Could he have accused me of forcing him? or would the sight of me turn him inside out with the memory that it was he who ushered my male hand to him? Answerless I watch his body tumble into nothing.
On the floor of my bedroom trying to recall the last time you said you cared for me i return to the day after he ran off How I cried feet on the seat of a toilet to hide that I was in a bathroom I didn’t belong in I denied him
his existence? I denied him his existence? I reduced myself to nothing in the stall unseen Didn’t make sound to avoid hearing my voice float to too feminine a pitch I shriveled ash decomposed at the touch I became a grimacing vapor. Is it possible I became so good at denying my own existence that I denied his by accident?

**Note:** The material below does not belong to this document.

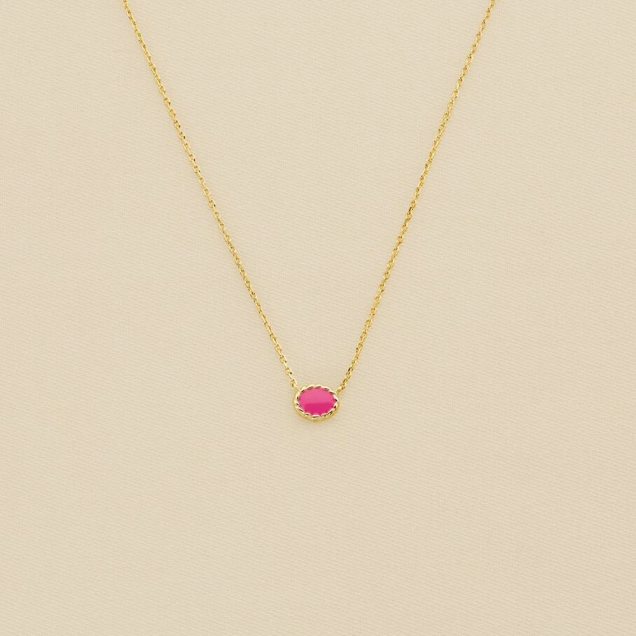 Collier court, en argent véritable 925/1000 et doré 750/1000, orné d’un pendentif monté d’une pierre fine d’un côté et émaillé de l’aute côté. La torsade, véritable signature de la marque, est apportée en touche notamment sur la bordure du pendentif! Un collier au double porté pour accorder à son humeur et à ses tenues!

No. Go back to sleep mom go back to sleep I am a man I will be loved
I breathe to prove to myself I am not condemned Grope around the floor to prove I am still here
Start again
A bird is out too early chirping into night at the sun of the streetlamp begging for dawn Do you find me hollow as he found me? If you called me as day broke to say you loved me would it only be “despite” my being trans or would you love me “through?” Would it be possible to even know?